The advice is to do a short walk later in the day just to flush out lactic build up, but there was no way I would be doing that. Interestingly, I wanted to have a walk, whether that was because I couldn’t or because my body/mind wanted to, I don’t know. But there it was, I was feeling somewhat frustrated. Granted, I don’t do sick and injured very well.

That afternoon I experienced a roller coaster of soreness, tiredness, emotions, and hunger. One minute I was hungry, the next minute I wasn’t  One minute I wanted savoury food, the next minute protein, then carbs! One minute I was exhausted and had to lie down, perhaps sleep, next minute I was wide awake again and ready to go! One minute I was all sore, the next it was all better! One minute I felt like crying, and did, the next all happy again!

Every time I stood up it took me a few seconds to get my legs to work properly and to loosen up, and about half way into the afternoon, my knees started to ache a bit. There was nothing too serious though, apart from my sore foot which hurt less if I wore no shoes. It appeared to be strained. That night when I finally got to bed, I really didn’t sleep well as things were a bit achy, and I could not get comfortable.
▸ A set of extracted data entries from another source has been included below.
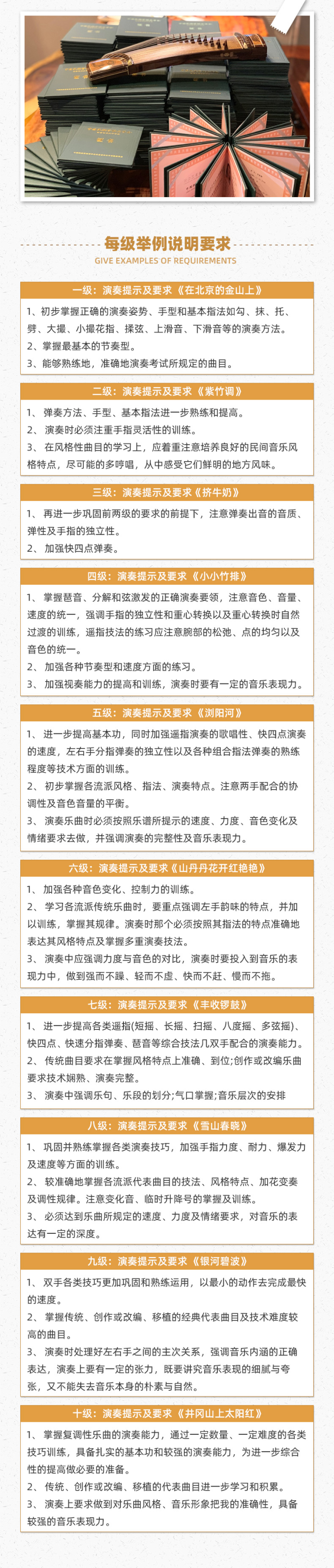 课程特色:系统的掌握所考级别的基本技法,注重台风、技巧的训练,理解所考曲目的内涵及演奏要点,从而在考试中加分,在考级中能取得优异成绩。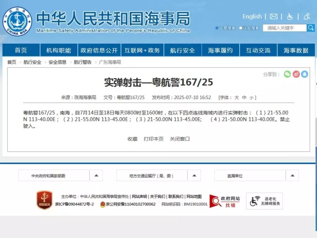 根據中國海事局網站消息,珠海海事局發布航行警告,本月14日至18日每天上午8時至下午4時,南海部分海域進行實彈射擊,禁止駛入。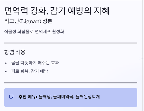 피곤하고 쉽게 감기에 걸리는 시기엔 특히 몸을 따뜻하게 해주는 들깨가루를 활용한 음식들이 잘 맞죠. 들깨탕, 들깨미역국, 들깨된장찌개처럼 면역력과 영양을 동시에 챙길 수 있는 메뉴도 다양하게 구성할 수 있어요.
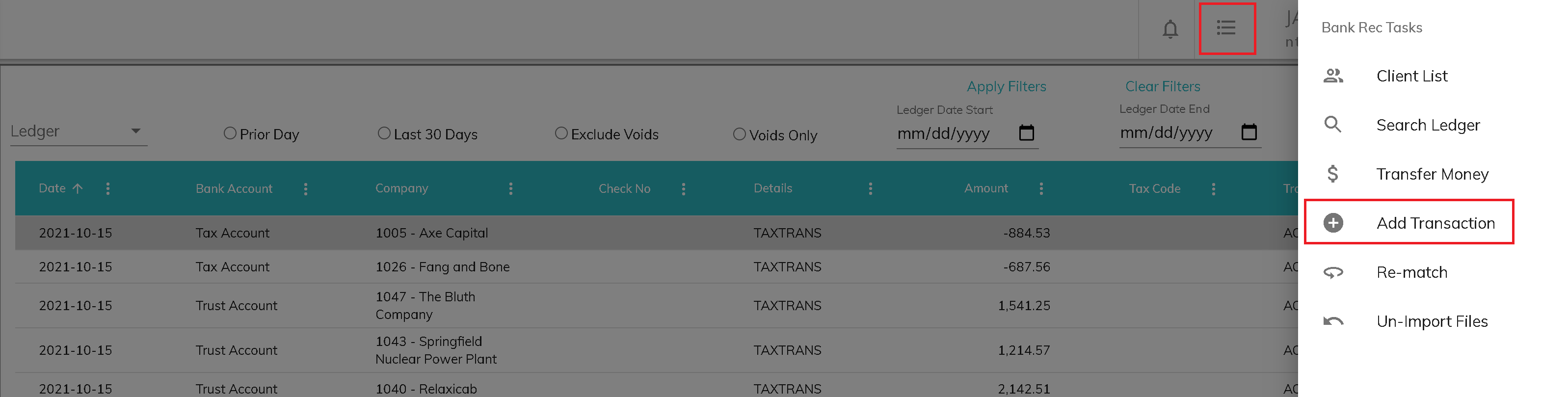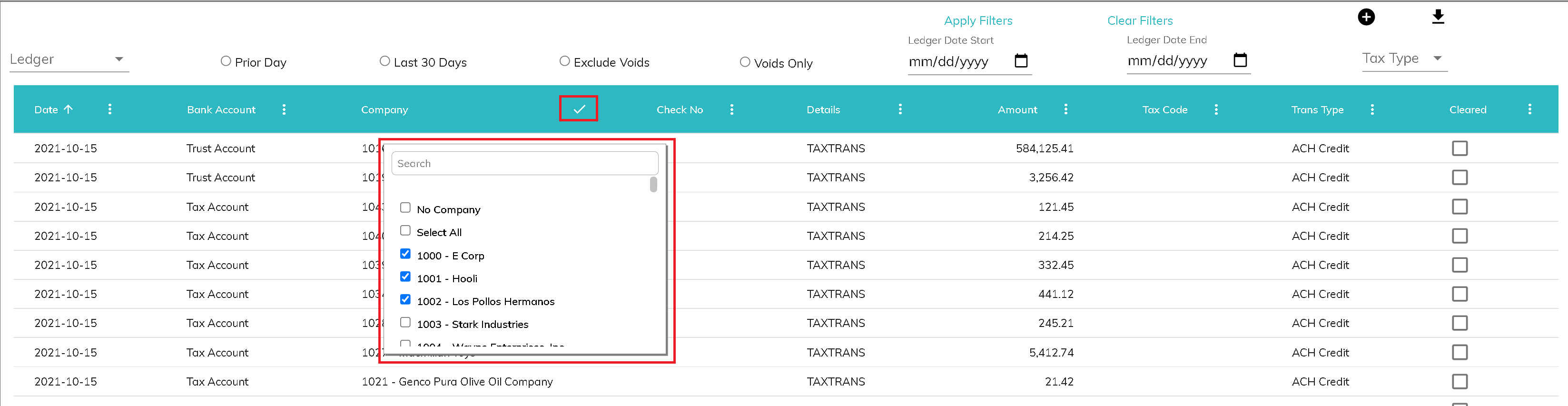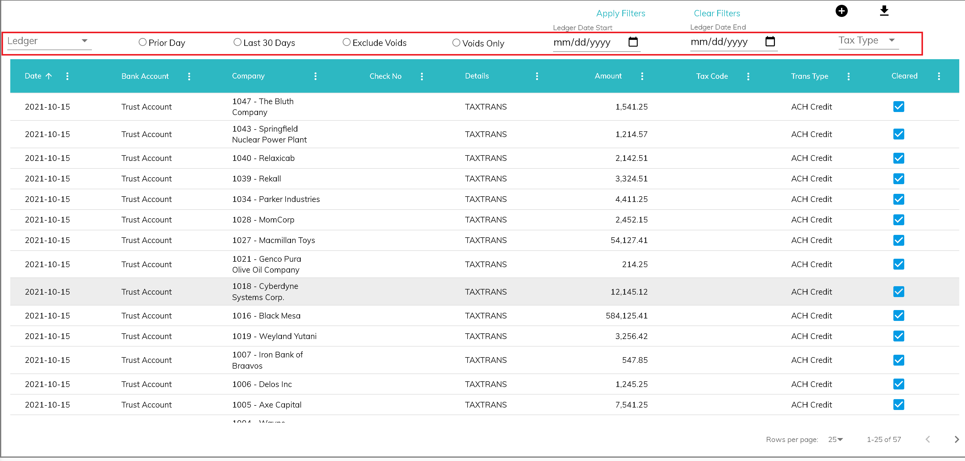 - Ledger: The ledger associated with the transaction (e.g. Billing, Direct Deposit, Trust, or Tax)

On waking the next morning I was pleasantly surprised to find I could still walk and had no muscle stiffness. A few sore areas were confined to below knee height, and apart from my foot which was still quite sore, I was doing okay  The funniest thing was Geoff, who did not do the race, had sore knees, hamstrings and calves! How’s that for a support person!

So overall, my body did well, and I can only attribute that to following my training plan, getting in those miles and having a really solid base under it all. It honestly is so important to your overall physical, mental and emotional experience. I do believe that if you don’t prepare well, you will end up with problems during your race. Maybe I am still riding on the post race euphoria wave, but I had such a great day, and came away with a feeling I cannot describe in words. That feeling is still sitting there…accomplishment maybe, but more than that. It’s been 4 days now and it hasn’t gone away.